Pt1 ‘When a King Sins’: Sin, Reward, and Responsibility in Talmudic Theology (Horayot 10a-b)
This is the first part of a three-part series. The outline of the series is below.1
This sugya opens by narrowing the Torah’s “When a king sins” (Lev 4:22): not every king counts. A sick king? No: Rav Avdimi bar Ḥama reads it as a king who is a metzora, like Azariah/Uzziah (II Kings 15:5), who was quarantined in a “house of freedom,” i.e., out of office. The line “house of freedom” flips the intuition: before the affliction the king was actually a servant—to the people. Leadership is servitude, not privilege.
A vivid anecdote hammers this home: Rabban Gamliel and R’ Yehoshua are at sea; Gamliel brought bread, Yehoshua brought bread and flour. When the voyage runs long, the nasi eats from Yehoshua’s flour. “How did you know?”—“Once in seventy years a star rises and misleads sailors.”
Yehoshua then shames the system: towering scholars R. Elazar Ḥisma and R. Yoḥanan ben Gudgeda can “count the drops of the sea” yet go hungry.

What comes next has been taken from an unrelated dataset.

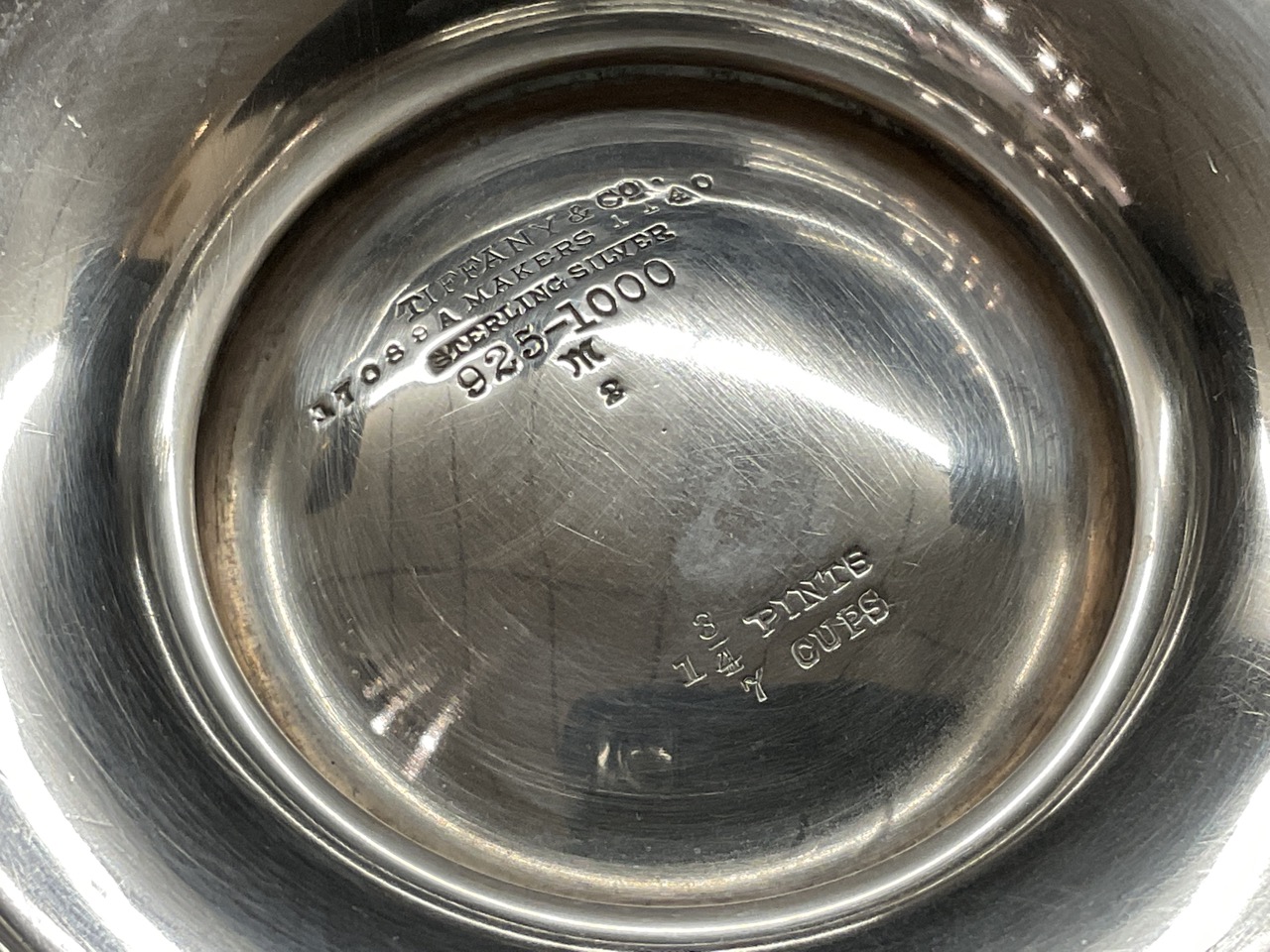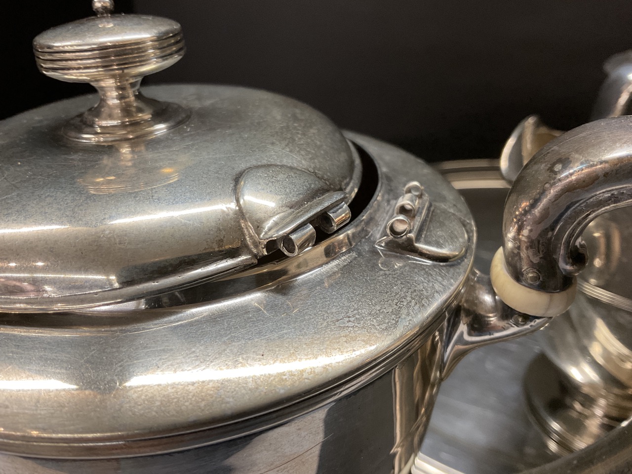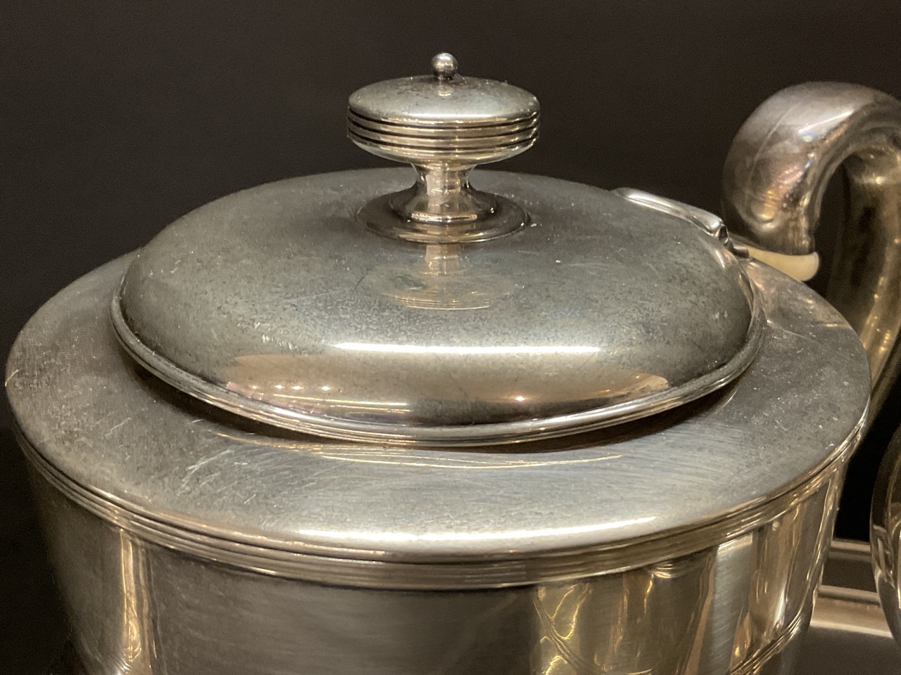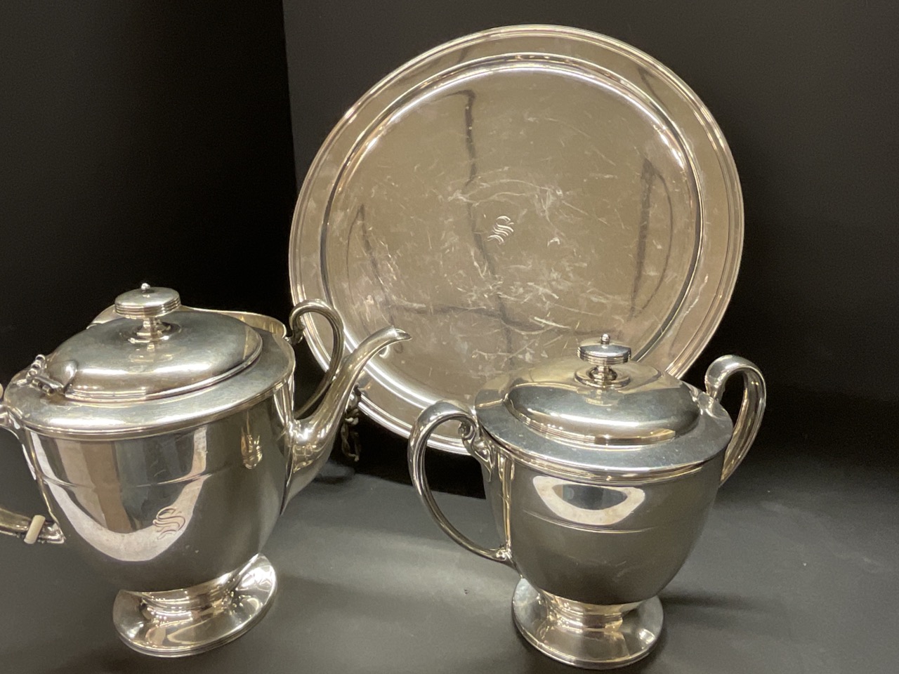Condition: teapot lid needs repair, slightly dented and hinge broken. Scratching throughout and monogrammed S in cursive.

Gamliel summons them to appointment; they initially refuse. He clarifies: “Do you think I offer you authority?! I offer you bondage!” (cf. I Kings 12:7).
From kingship the sugya pivots on a word: asher. R. Yoḥanan ben Zakkai hears “asher nasi yeḥeta” as “ashrei”—happy is the generation whose king brings a sin-offering for an unwitting sin; kal vaḥomer a commoner will atone, and kal vaḥomer for deliberate sins he will repent.
Rava bar Rabba pushes back: if every asher signals praise, we’d be praising “asher ḥata” (Lev 5:16) and Jeroboam “asher ḥata ve’asher heḥti” (I Kings 14:16)—absurd. Answer: here the Torah “changed its diction” (elsewhere the parallel is “if”), so the nuance stands only for the king’s case.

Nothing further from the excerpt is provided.